Como tem acontecido na história, é no nível da base que surgem os vários
movimentos de renovação que permitem à Igreja rejuvenescer e enfrentar novas
situações.
E aí o lugar da Vida Religiosa. E aí também que a Vida Religiosa redescobre a
força profética de sua vocação, como afirma Medellín: "No transcorrer da história da
Igreja, a Vida Religiosa teve sempre, e agora com maior razão, uma missão profética, a
de ser um testemunho da escatologia" (Medellín 12,2).
Este reencontro da Vida Religiosa com sua dimensão carismático-profética tem
produzido nos religiosos e nas religiosas alegria e gratidão por verificar que a sua
identidade pessoal e a de sua comunidade religiosa são dons do Senhor para a
Igreja e para a sua missão de serviço entre os homens e mulheres do nosso tempo.
De outro lado, este reencontro tem trazido também dificuldades.
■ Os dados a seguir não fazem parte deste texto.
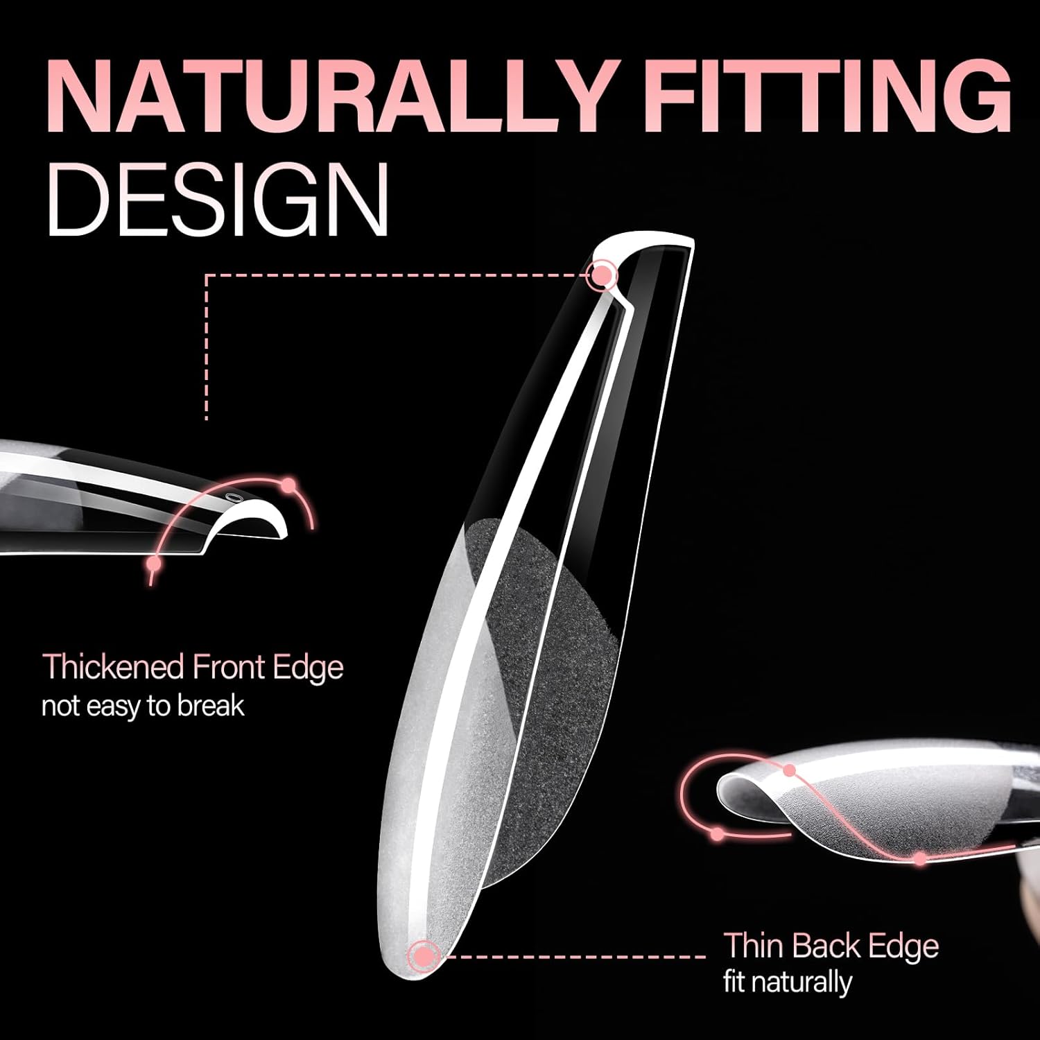 - 【AILLSA fake nails, Paired with AILLSA glue for better fit】: Our soft gel tips feature “Thin back edge, thick front edge”. The thinner back edge can make the soft nail tips fit your nails better, which will not make you feel uncomfortable. Also, the half matte nail tips are firmer bonding to your nails for a seamless fit with no air bubbles; The thickened front edge makes it not easy to break or bend, having longer lifespan.

Entre outras causas
para estas dificuldades, citamos duas. A primeira é o crescente empobrecimento e a
injustiça que marcam a vida do povo que a Vida Religiosa se propõe a servir.
A segunda aparece nas tensões internas da Igreja (relacionamento com equipes
pastorais, falta de apoio e compreensão por parte da hierarquia, os problemas
comunitários, a falta de coerência por parte dos religiosos). Estas dificuldades são um
desafio para superá-las no diálogo, no apoio dos irmãos, no compromisso com o povo, e
na oração.
Para a reflexão em grupo:
l. Como em sua congregação se (re)afirma o caráter ou o sentido carismático-profético da Vida
Religiosa em meio à comunidade eclesial?
2. Quais principais dificuldades e possibilidade que percebemos para vivência da dimensão
carismático-profética de nossa Vida Religiosa numa “Igreja em saída”?